**Exercise directions:**
Using the records below, repeat exactly the lines from the one holding "激光雷达、摄像头、毫米波雷达、超声波传感器、" through the one holding "Figure 15 displays", both ends included, and no others.

**Data to examine:**
**********
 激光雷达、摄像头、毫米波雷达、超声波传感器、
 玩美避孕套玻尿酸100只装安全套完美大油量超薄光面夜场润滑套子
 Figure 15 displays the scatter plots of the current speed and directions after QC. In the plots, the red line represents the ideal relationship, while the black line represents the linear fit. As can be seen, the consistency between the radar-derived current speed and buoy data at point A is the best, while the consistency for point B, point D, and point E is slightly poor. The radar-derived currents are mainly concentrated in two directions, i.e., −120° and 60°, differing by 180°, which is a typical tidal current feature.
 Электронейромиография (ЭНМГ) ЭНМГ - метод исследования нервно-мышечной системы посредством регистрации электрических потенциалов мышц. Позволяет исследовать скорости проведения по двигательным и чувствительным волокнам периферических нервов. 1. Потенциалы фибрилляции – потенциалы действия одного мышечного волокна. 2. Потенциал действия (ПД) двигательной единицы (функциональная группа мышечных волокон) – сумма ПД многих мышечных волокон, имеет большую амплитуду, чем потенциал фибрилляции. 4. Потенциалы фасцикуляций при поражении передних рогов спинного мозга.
**********
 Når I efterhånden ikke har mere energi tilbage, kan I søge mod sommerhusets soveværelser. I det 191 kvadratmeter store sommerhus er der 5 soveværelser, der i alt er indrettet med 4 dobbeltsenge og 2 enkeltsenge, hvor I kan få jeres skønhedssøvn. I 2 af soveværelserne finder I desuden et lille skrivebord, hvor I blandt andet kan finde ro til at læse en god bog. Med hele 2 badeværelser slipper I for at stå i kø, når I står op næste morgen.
**********
**The answer:**
 激光雷达、摄像头、毫米波雷达、超声波传感器、
 玩美避孕套玻尿酸100只装安全套完美大油量超薄光面夜场润滑套子
 Figure 15 displays the scatter plots of the current speed and directions after QC. In the plots, the red line represents the ideal relationship, while the black line represents the linear fit. As can be seen, the consistency between the radar-derived current speed and buoy data at point A is the best, while the consistency for point B, point D, and point E is slightly poor. The radar-derived currents are mainly concentrated in two directions, i.e., −120° and 60°, differing by 180°, which is a typical tidal current feature.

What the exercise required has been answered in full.